Carillion insists that the plan will present the foundations for a turnaround that it hopes will prevent a share slide that observed 90 percent of stock market valuation washed away in 2017.
Earlier this afternoon, Sky News quoted some sources stating “the next two weeks are critical” for the company. It was reported that the current funding gap of Carillion runs into hundreds of millions of pounds.
EY has been assisting the management of Carillion since July, rendering crisis management and aiding to maximise cash coffers.
Carillion had bound its hopes on raising £300m through a sale of its assets, a majority of which it was expected would be realised from sales made in Canada. However, while some smaller operations in the United Kingdom have already been sold, the company was not able to manage to beat subsidiaries across the pond.
The London-listed company is due to pay back an emergency funding amounting to £40m by the end of April. Last autumn, lenders extended cash amounting to £140m in the hope that it would provide the HS2 contractor with enough breathing space. The remaining balance of £100m must be repaid by the end of 2018.
Earlier this week, the Financial Conduct Authority (FCA) revealed a probe into Carillion regarding its stock market communication in the months before the shock announcement in July of contract write-downs amounting to £845m.
The investigation followed a report exposing the depth of the problems that are faced by the company and how hedge funds were apparently aware of them well even before last summer.
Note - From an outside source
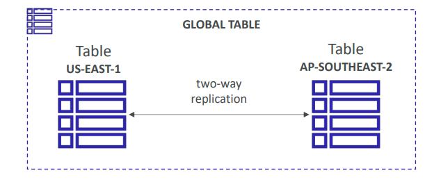- US-EAST-1이나 AP-SOUTHEAST-2 테이블 둘 중 하나에 쓰기를 하면 된다는 뜻이다. - DynamoDB 글로벌 테이블은 복수의 리전에서 짧은 지연 시간으로 액세스할 수 있게 해준다.

Today, a spokesperson from Carillion stated: “Carillion is in constructive discussions with a broad range of stakeholders regarding its options to reduce net debt and recapitalise and/or restructure the Group’s balance sheet. The Group is currently finalising its business plan, which it intends to present to its financial creditors and certain other stakeholders on Wednesday 10 January 2018, in line with the previously announced timetable. Once finalised, the business plan will provide the basis for the agreement of a proposal to restore Carillion’s balance sheet.”